* **THE PROBLEM**:
Leaving out the pictures, return word for word the stretch of entries below from the line holding "根据共青团澳门十大信誉好的网" through the line holding "漏油的真凶找到了,半轴的内球笼套上面原来裂了一道很大的口子。".

* **DATA EXTRACTS**:
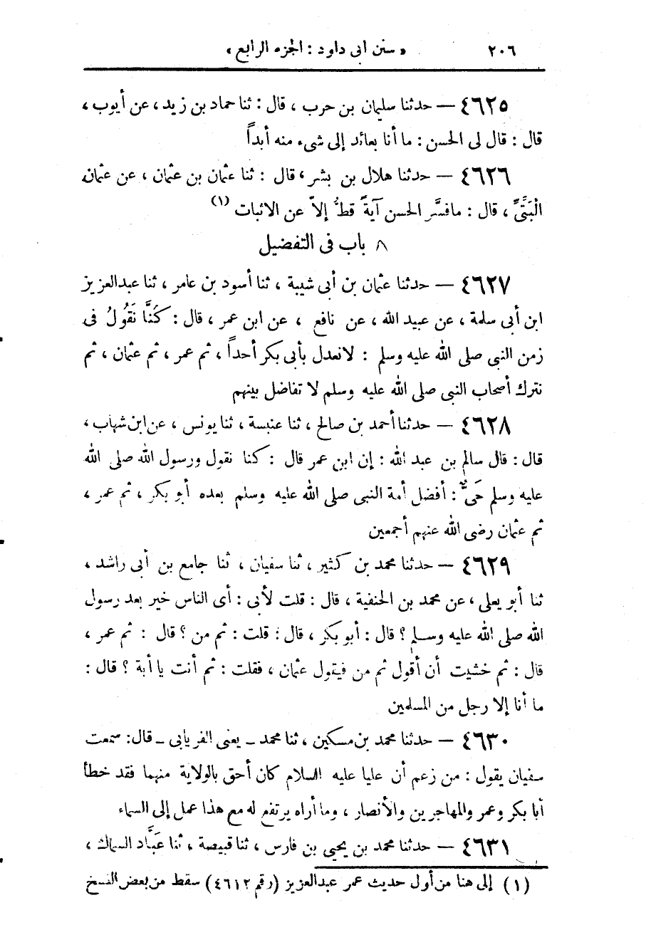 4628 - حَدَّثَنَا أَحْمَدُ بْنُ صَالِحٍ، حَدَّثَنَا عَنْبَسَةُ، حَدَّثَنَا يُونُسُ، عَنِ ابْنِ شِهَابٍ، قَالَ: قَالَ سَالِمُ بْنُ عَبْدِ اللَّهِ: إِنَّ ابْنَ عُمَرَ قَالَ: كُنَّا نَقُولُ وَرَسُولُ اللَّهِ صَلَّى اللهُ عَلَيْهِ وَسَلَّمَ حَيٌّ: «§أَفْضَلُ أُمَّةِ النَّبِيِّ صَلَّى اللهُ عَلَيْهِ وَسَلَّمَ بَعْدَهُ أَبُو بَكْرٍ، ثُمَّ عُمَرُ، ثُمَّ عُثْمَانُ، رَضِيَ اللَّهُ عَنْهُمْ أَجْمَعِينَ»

--

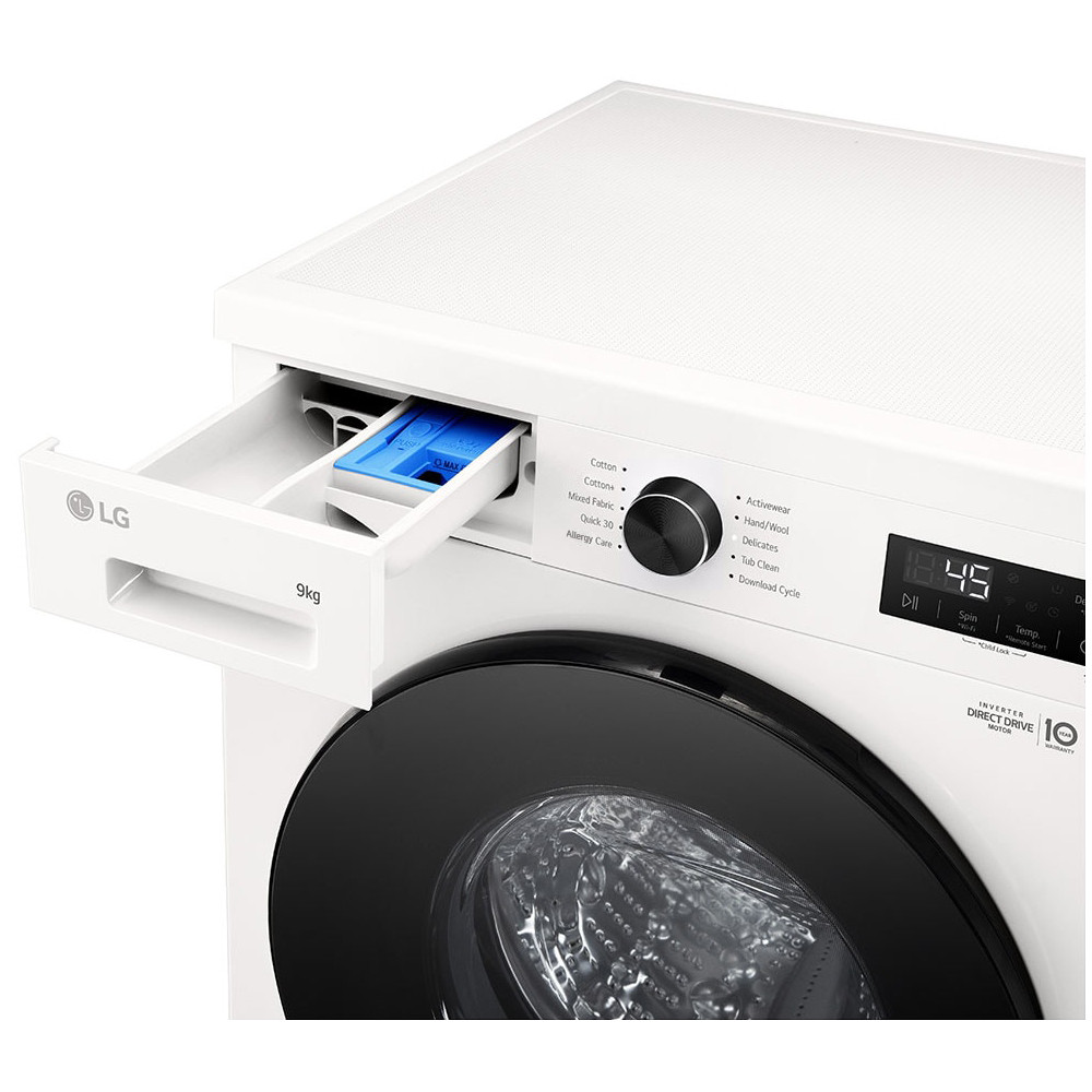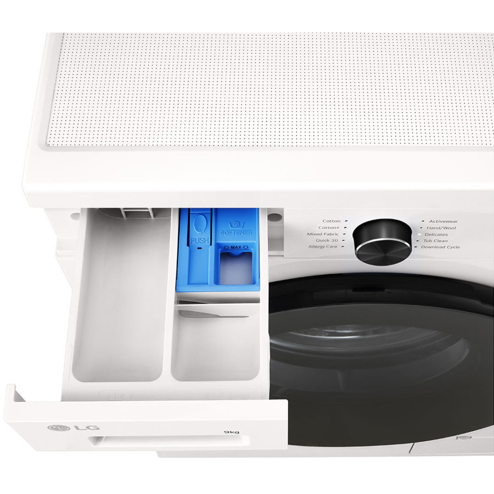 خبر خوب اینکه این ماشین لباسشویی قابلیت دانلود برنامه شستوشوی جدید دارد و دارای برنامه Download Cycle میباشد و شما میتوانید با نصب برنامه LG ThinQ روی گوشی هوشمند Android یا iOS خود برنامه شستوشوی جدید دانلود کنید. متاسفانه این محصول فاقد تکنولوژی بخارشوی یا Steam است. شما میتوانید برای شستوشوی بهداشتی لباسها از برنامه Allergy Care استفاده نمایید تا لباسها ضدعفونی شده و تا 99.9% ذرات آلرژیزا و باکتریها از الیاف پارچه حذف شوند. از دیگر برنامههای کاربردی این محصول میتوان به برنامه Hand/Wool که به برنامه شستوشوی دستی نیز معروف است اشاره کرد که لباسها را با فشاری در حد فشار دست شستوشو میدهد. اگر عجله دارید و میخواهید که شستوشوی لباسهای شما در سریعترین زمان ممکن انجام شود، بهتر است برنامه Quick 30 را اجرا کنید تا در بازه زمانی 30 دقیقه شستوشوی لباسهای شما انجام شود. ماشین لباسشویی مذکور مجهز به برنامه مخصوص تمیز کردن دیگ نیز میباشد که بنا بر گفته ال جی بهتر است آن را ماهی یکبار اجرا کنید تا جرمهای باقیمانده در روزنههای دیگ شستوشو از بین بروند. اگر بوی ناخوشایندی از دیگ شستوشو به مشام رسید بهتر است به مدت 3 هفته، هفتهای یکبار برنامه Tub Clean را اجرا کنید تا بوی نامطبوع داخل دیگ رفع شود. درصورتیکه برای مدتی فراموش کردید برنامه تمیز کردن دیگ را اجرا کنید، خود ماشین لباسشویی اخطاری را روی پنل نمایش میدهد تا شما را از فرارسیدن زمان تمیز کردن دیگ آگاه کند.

==

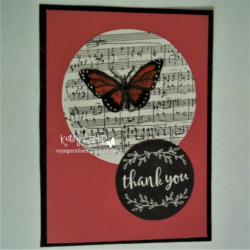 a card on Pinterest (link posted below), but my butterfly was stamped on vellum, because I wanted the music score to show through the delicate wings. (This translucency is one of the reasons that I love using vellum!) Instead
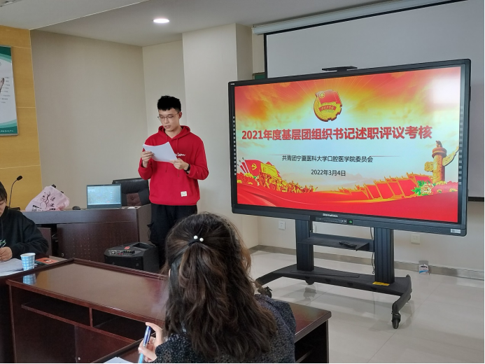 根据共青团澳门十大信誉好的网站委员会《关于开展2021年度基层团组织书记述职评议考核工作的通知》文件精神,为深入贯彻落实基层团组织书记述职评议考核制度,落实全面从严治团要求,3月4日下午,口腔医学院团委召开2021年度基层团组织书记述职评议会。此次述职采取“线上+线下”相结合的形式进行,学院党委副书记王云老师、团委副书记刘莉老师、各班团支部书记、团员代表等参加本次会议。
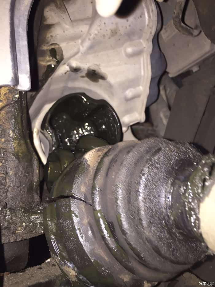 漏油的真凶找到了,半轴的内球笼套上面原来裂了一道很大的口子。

* **RESPONSE BELOW**:
 根据共青团澳门十大信誉好的网站委员会《关于开展2021年度基层团组织书记述职评议考核工作的通知》文件精神,为深入贯彻落实基层团组织书记述职评议考核制度,落实全面从严治团要求,3月4日下午,口腔医学院团委召开2021年度基层团组织书记述职评议会。此次述职采取“线上+线下”相结合的形式进行,学院党委副书记王云老师、团委副书记刘莉老师、各班团支部书记、团员代表等参加本次会议。
 漏油的真凶找到了,半轴的内球笼套上面原来裂了一道很大的口子。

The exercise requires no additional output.